I want to migrate the editing to Notion.

I already subscribed to Notion, and the editing experience was superb, and Notion AI seemed neat. I started to plan the migration by listing my objectives. I wanted to edit in Notion, have a beautiful URL, support SSR, have a relatively good response time worldwide, and have a maximum budget of 30-50 dollars per month. The budget might seem significant for a static content website, but I could count that as an engineering experiment cost, so all is well.

I then went to the drawing board and devised several alternatives. I considered calling the Notion API directly from the client using Next.js or Remix.js, but the Notion API is limited to 1-2 API calls per second. Because the previous one was impossible, I considered using a layer between the client side and Notion. I planned to create it using Clojure as a lab. However, I stopped myself and looked back. Are there readily available solutions that give me difficulty competing in the budget department?

Enter Super

Then I found Super (super.so) and several options and decided to use Super instead of rolling my solution.

Why did I choose Super? It fits the bill; my data is in Notion, enabling me to use Notion AI and API. The setup is easy, and the website customization process is relatively smooth. It relieves me from creating my solution of writing platform in a hurry, gives me time to focus on writing and creating other products, and allows me to have all of the above for 16 USD per month (12 USD if you subscribe yearly).

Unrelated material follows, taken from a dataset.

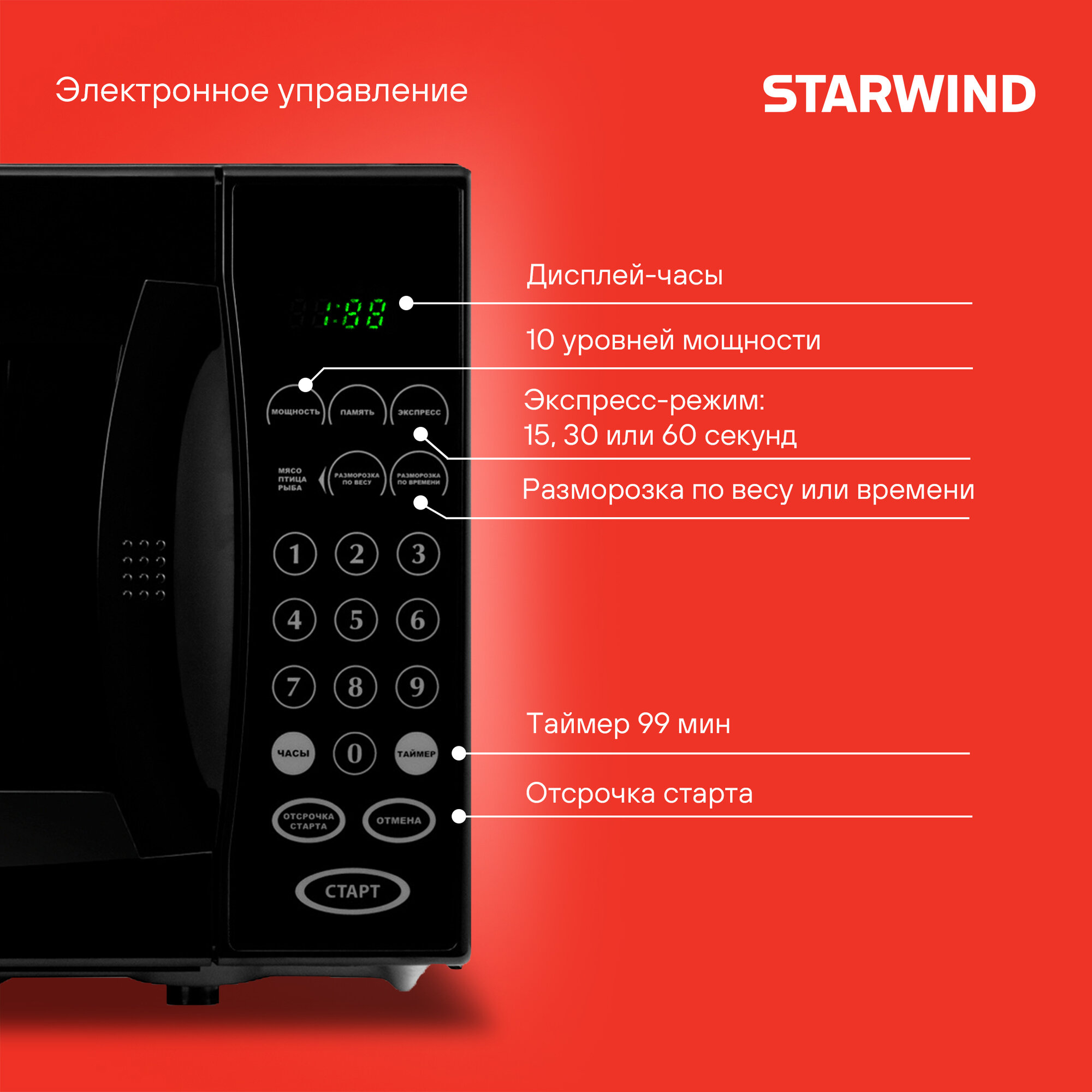 Микроволновая печь Starwind SMW4420 черный интересное:

The migration process was smooth, and I did it in under 1 hour, including setting up Google Analytics and Search Console. Even though it has limitations on its bad code block in dark mode and not supporting the mermaid code block as in the Notion, it is still acceptable. I still want to roll my solution to this problem to fully customize my website (e.g., double linking like LogSeq, e.t.c.). But so far, I am happy with the migration and recommend anyone who wants to write in Notion and create a website using it to try Super and examine whether it is an acceptable solution for you.